BEGIN Entries supplied

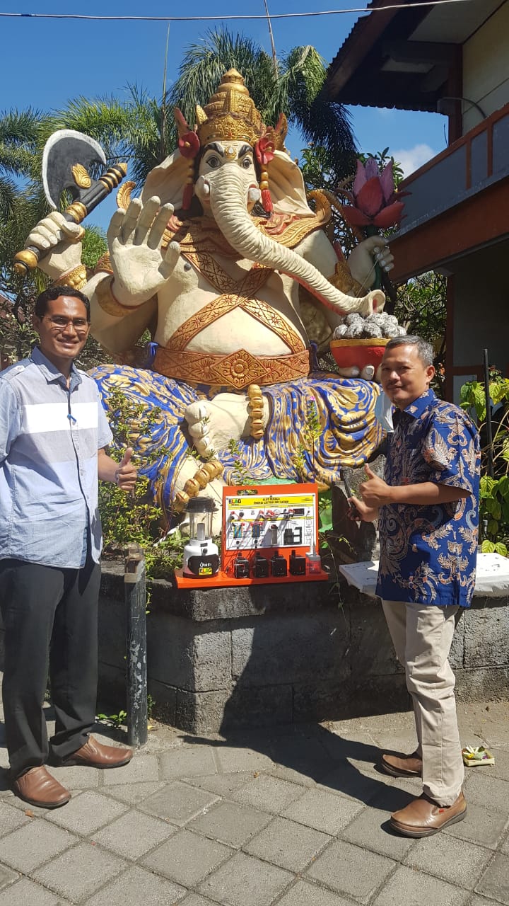 Konsultan PT. GUSRIMAN PRIMA JAYA, REBO, SPd., MPd. (kanan) bersama WIJI LAKSONO, SPd. Guru SMKN 2 DENPASAR, BALI (kiri) diabadikan di halaman SMKN 2 DENPASAR pasca testimoni Alat Peraga IPA ELAG
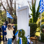 Επιμνημόσυνη δέηση και κατάθεση στεφάνων από σχολεία και συλλόγους παρουσία του Δημάρχου Κηφισιάς Γιώργου Θωμάκου, στο Μνημείο των Πεσόντων, στην πλατεία Κέννεντυ.
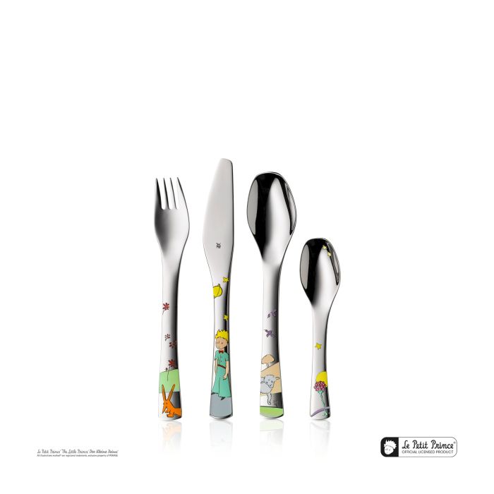 WMF dječji set posuđa, 4-dijelni, kolekcija Mali princ, Dizajn prilagođen djeci, Cromargan®: nehrđajući čelik 18/10, Siguran i ergonomičan, Prikladno za pranje u perilici posuđa, Od 6 godina i više 12.9405.6040
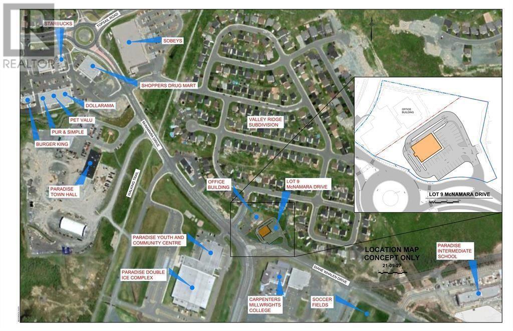 Excellent commercial location in the center of a bustling district of Paradise. Located on the corner of McNamara Drive and Dianne Whelan Drive, this location has a proven traffic count that continues to grow year by year with many businesses, recreation facilities, walking trails and schools within walking distance. This location is ideal for a multitude of business including retail, professional offices, restaurants (drive-thru options available), warehouses, and recreation. Pictures indicate a variety of concept plans that would suit a wide range of businesses. (id:42016)
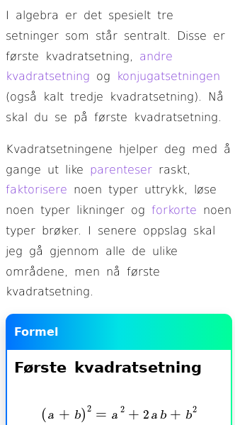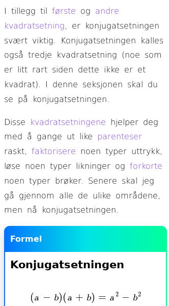 • Hva er konjugatsetningen eller tredje kvadratsetning?

END Entries supplied

• What the task asks:
Begin with the line that contains "Επιμνημόσυνη δέηση και" and repeat every line through the end of the data, exactly and only those lines, leaving out the pictures.

• Written response:
 Επιμνημόσυνη δέηση και κατάθεση στεφάνων από σχολεία και συλλόγους παρουσία του Δημάρχου Κηφισιάς Γιώργου Θωμάκου, στο Μνημείο των Πεσόντων, στην πλατεία Κέννεντυ.
 WMF dječji set posuđa, 4-dijelni, kolekcija Mali princ, Dizajn prilagođen djeci, Cromargan®: nehrđajući čelik 18/10, Siguran i ergonomičan, Prikladno za pranje u perilici posuđa, Od 6 godina i više 12.9405.6040
 Excellent commercial location in the center of a bustling district of Paradise. Located on the corner of McNamara Drive and Dianne Whelan Drive, this location has a proven traffic count that continues to grow year by year with many businesses, recreation facilities, walking trails and schools within walking distance. This location is ideal for a multitude of business including retail, professional offices, restaurants (drive-thru options available), warehouses, and recreation. Pictures indicate a variety of concept plans that would suit a wide range of businesses. (id:42016)
 • Hva er konjugatsetningen eller tredje kvadratsetning?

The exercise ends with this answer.